Jordan’s troubled relationship with its mosques
Jordan appears to be tightening its grip on religious messages coming out of its mosques but it may be offering its preachers more sticks than carrots.
Jordanian chief justice Ahmad Hilayel resigned two days after delivering a Friday sermon during which he rebuked Gulf states for not stepping up their financial aid to Jordan.
“As an imam of this country and one of its scholars, I am addressing the Gulf’s leaders, kings, emirs, sheikhs and wise men,” he said in a sermon broadcast live on Jordanian state television January 20th from Amman’s King Hussein mosque.
“The (financial) situation has reached a tipping point (in Jordan)… so where is your help, where is your money and where are your riches?”
Hilayel said the Jordanian state could collapse if people were to take to the streets, warning that would lead to chaos and destruction as in Syria, Iraq and Libya. “Would you like to see such a scenario (happen in Jordan)?” he asked.
Many criticised Hilayel for embarrassing the government in front of its financial backers in the Gulf and some took issue with his use of the Friday sermon to deliver a political message. Musa al-Odwan, a retired army general and writer, told Al Jazeera that Hilayel had “no business talking politics” as he is a religious judge.
It is thought that Hilayel agreed to resign to save face rather than being fired.
Jordan’s Religious Affairs Ministry on January 10th said it had dismissed 15 mosque preachers and disciplined seven others for refusing to take part in nationwide memorial prayers for Jordanian troops killed in clashes with gunmen who had attacked a tourist site in Karak province.
The Islamic State (ISIS) claimed the December 18th attack in which 11 members of the security forces and three civilians, including a Canadian tourist, were killed. The kingdom has been hit by number of ISIS attacks in the past year.
Observers said Jordan may be changing course from its policy of trying to contain hard-line preachers towards a more confrontational approach.
“In the past, the authorities opted for negotiation. Two years ago they released two leading jihadists, Abu Muhammad al-Maqdisi and Abu Qatada al-Filastini, in an attempt to co-opt their followers into their own war on Islamic State,” the Economist wrote in September 2016.
“More recently, though, they have gone for round-ups. Hundreds of cells have been broken up. And so far this year 1,100 Jordanians have been hauled before military courts on terrorism charges,” it added.
However, the government would still have to rely on cooperative preachers to do its bidding in religious circles.
One preacher, Ali al-Halabi, issued a religious edict saying that Jordanians must not pray for the souls or attend the funerals of the “terrorists” killed by the army in Karak. Halabi insisted they would still be regarded as Muslims but added that the militants cannot have ordinary burials and the public must always be reminded of their “deviant creeds”.
The government has installed closed-circuit cameras in a number of mosques, although the vast majority of them are not electronically monitored. Local informants attending prayers are reportedly the most common way for the government to keep an eye on places of worship.
Local media reported that the government promised to award bonuses to state-appointed mosque preachers who are “distinguished in their work”. The proposal includes studying the preachers’ sermons as part of the evaluation process.

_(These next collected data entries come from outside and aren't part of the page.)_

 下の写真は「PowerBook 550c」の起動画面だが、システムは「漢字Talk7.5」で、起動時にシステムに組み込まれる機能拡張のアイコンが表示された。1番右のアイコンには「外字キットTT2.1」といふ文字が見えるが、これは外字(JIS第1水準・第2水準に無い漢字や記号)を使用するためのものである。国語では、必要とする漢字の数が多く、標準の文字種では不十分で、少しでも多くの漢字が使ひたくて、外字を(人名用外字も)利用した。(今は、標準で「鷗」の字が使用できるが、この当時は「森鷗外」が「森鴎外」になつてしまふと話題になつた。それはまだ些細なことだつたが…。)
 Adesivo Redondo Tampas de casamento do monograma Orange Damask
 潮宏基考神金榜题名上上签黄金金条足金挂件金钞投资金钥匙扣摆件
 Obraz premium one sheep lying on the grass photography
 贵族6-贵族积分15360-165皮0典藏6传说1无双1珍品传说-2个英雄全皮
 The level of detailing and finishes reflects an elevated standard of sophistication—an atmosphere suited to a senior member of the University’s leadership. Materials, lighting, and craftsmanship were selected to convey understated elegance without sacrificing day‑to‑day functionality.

The Prime Ministry’s coordinator for human rights, Basil al- Tarawneh, said the Religious Affairs Ministry was carrying out recommendations from the National Centre for Human Rights. The recommendations include familiarising mosque preachers with matters of human rights and “combating extremist thought”, the official Petra news agency said.

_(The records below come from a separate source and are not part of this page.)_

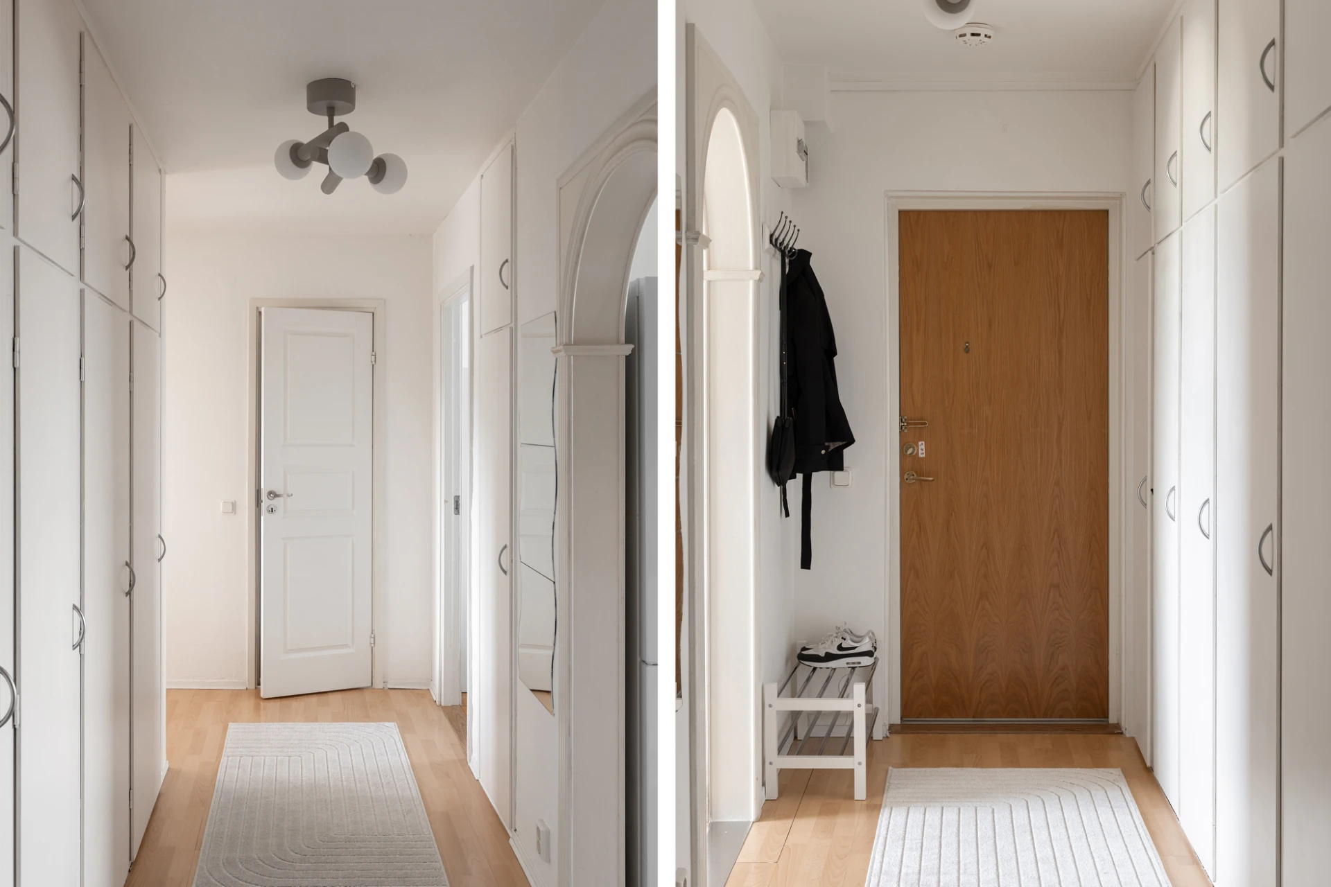 Laminatgolv och ljusa väggar. Inbyggda garderober med överskåp och städskåp.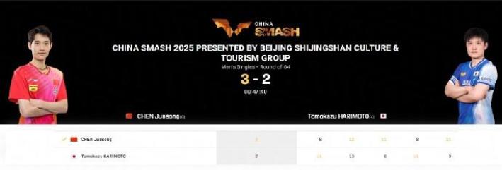 北京时间9月29日晚间,WTT中国大满贯男单1/32决赛,中国球员陈俊菘3比2淘汰日本选手张本智和,五局比分分别为【8-11,12-10,11-8,8-11,11-9】。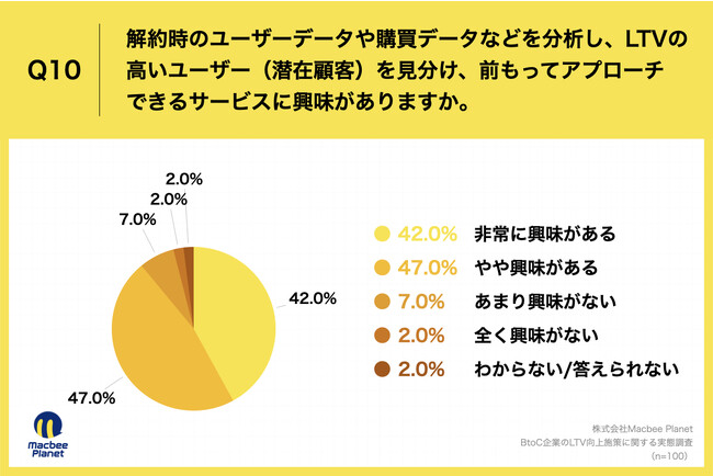「Q10.解約時のユーザーデータや購買データなどを分析し、LTVの高いユーザー(潜在顧客)を見分け、前もってアプローチできるサービスに興味がありますか。」(n=100)と質問したところ、「非常に興味がある」が42.0%、「やや興味がある」が47.0%という回答となりました。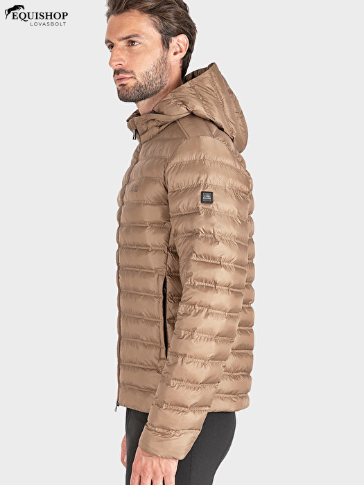 Ez a férfi bomberdzseki szuperkönnyű és kényelmes, teljes hosszúságú középső cipzárral, dupla csúszkás záródással és puha, levehető kapucnival rendelkezik. Kontrasztos béléssel és környezetbarát paplantöltettel rendelkezik.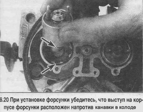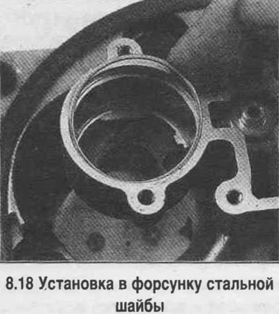 18. Установите в форсунку стальную шайбу (смотрите фотографию).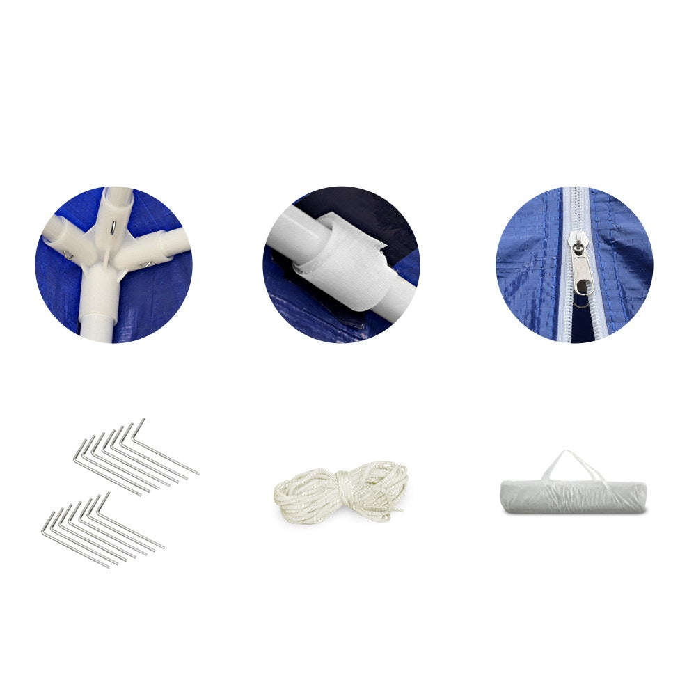 Featured with a variety of ground and canopy coverage, and door and window panel permutations, our INSTAHUT canopy lets you choose the configuration you require to meet your need. All panels are removable and can be adjusted for different positions. The sturdy powder-coated steel legs and struts keep the entire structure steady and firm in all weather conditions whilst the canopy is both UV and water-resistant. The interior is spacious and the openings provide ample ventilation to let occupants stay cool and comfortable at all times. Not least, all components are easily held together with convenient heavy-duty zipped and velcro attachments.

A similar initiative is reportedly being coordinated with the Ministry of Social Development to make mosque preachers more aware of women’s rights.

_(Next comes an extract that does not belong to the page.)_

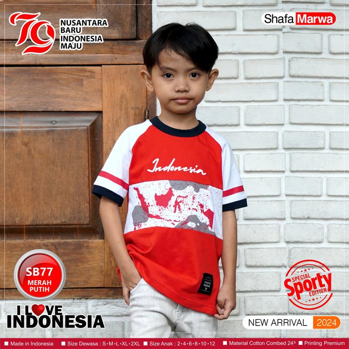 TERLARIS SHAFAMARWA BAJU MERAH PUTIH AGUSTUSANKAOS SERAGAM COUPLE EDISI KEMERDEKAAN 17 AGUSTUS SM77ANAK 2TH
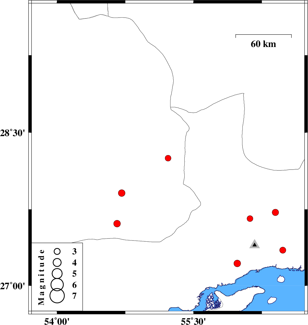 | 2010/10/28 | 13:56:11.7 | 17:26:11.7 | 27.22 | 55.98 | 7 | ML:3.4 | Hormozgan Province, 30 km West of Bandar-e abbas | ||

However, in improvised areas such as Zarqa governorate, where the spread of radicalisation is more likely, officials are warning that the housing accommodations for mosque imams are “not suitable for habitation”.
Many of the accommodations are damp and have no access to sunlight as they are built under the mosques, Youssef al-Shalabi, the head of the religious endowment department in Zarqa, said in late January.
Some of the residents are exposed to flooding from nearby mosque toilets, creating a smell that was making some preachers ill.
A government report released last October stated that many of the imams’ children have asthma and other illnesses due to poor housing conditions.
One imam told the Jordanian newspaper al-Ghad that he lives with his wife and five children in a 90-sq.-metre residence.
Accommodation is not provided to all imams. Most cannot afford to live elsewhere as they are required to be in the mosque from early hours of the day until late at night due to the timing of prayers.
Such living conditions may put additional strain on the relationship between the state and the imams it employs.